* [Available data]:
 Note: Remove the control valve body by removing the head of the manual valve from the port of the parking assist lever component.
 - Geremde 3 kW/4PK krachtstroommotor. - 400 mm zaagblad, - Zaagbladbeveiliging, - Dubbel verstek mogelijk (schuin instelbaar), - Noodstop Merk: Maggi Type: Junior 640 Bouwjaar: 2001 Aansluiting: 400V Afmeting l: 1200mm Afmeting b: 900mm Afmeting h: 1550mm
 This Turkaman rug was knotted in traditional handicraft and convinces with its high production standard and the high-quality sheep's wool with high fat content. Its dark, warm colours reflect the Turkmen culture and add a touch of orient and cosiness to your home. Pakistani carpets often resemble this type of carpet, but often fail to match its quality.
...
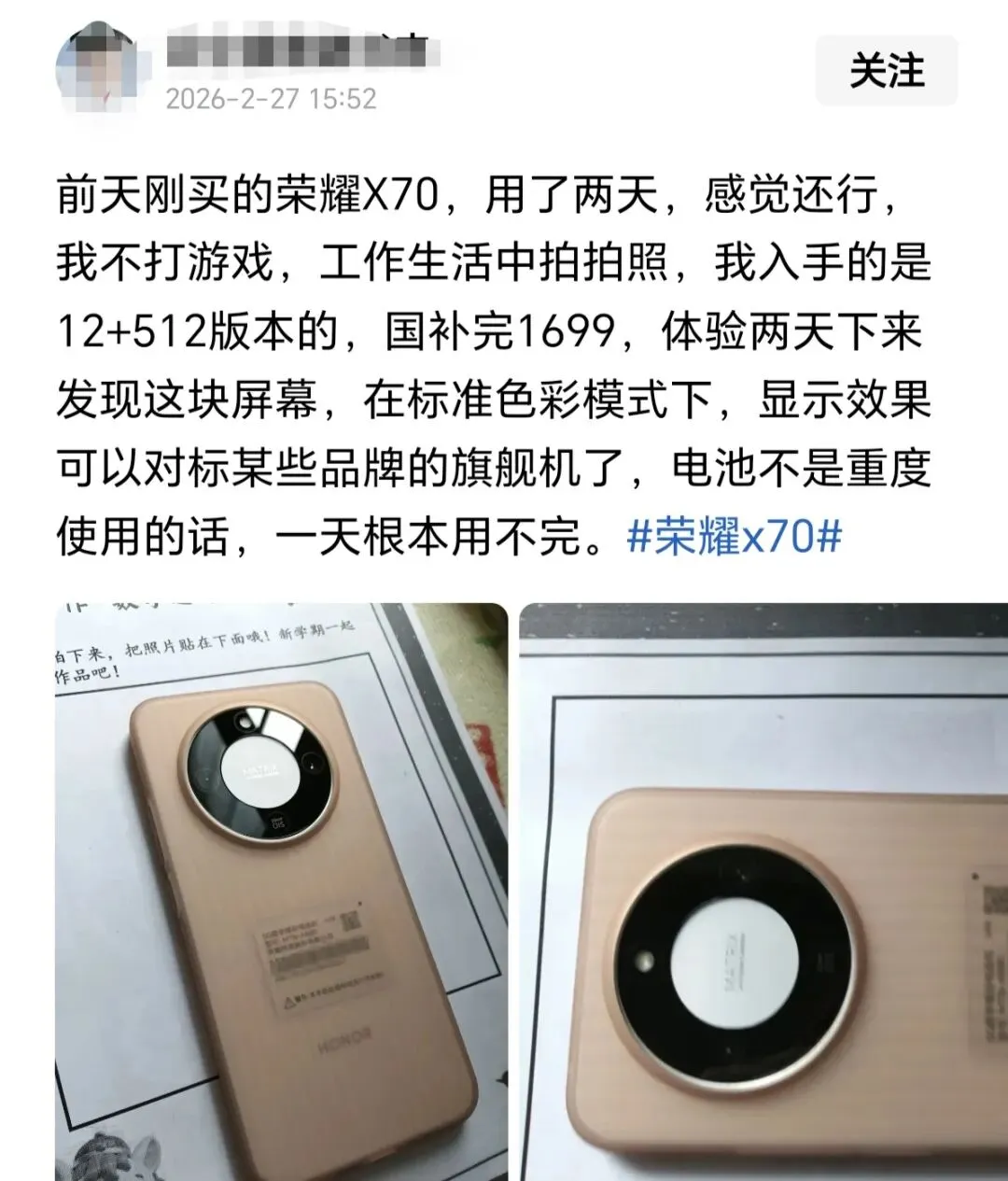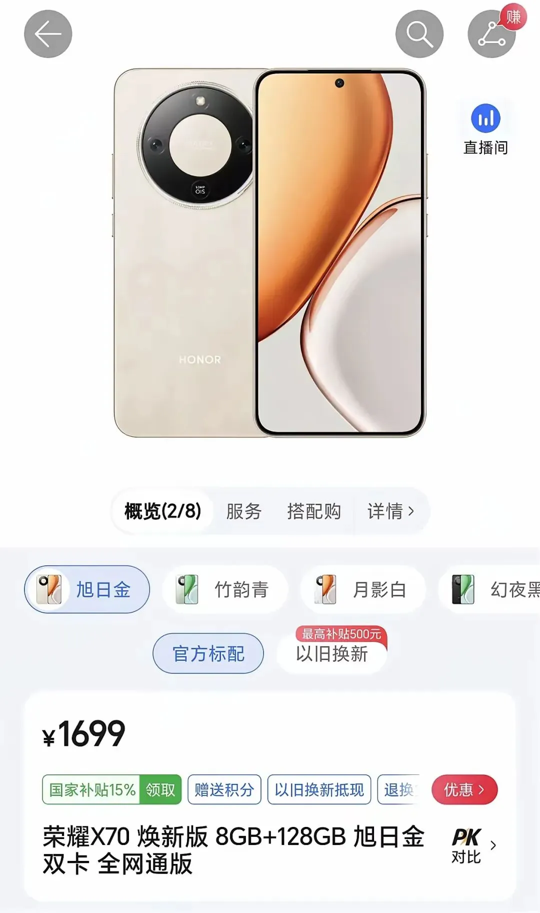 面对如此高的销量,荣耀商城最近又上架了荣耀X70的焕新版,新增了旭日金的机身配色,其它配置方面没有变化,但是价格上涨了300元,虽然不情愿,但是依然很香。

* [Exercise aim]:
What you give back should be exactly the lines of the data above from the line with "Note: Remove the" through the line with "This Turkaman rug", both of those included, and nothing more.

* [Answer to this task]:
 Note: Remove the control valve body by removing the head of the manual valve from the port of the parking assist lever component.
 - Geremde 3 kW/4PK krachtstroommotor. - 400 mm zaagblad, - Zaagbladbeveiliging, - Dubbel verstek mogelijk (schuin instelbaar), - Noodstop Merk: Maggi Type: Junior 640 Bouwjaar: 2001 Aansluiting: 400V Afmeting l: 1200mm Afmeting b: 900mm Afmeting h: 1550mm
 This Turkaman rug was knotted in traditional handicraft and convinces with its high production standard and the high-quality sheep's wool with high fat content. Its dark, warm colours reflect the Turkmen culture and add a touch of orient and cosiness to your home. Pakistani carpets often resemble this type of carpet, but often fail to match its quality.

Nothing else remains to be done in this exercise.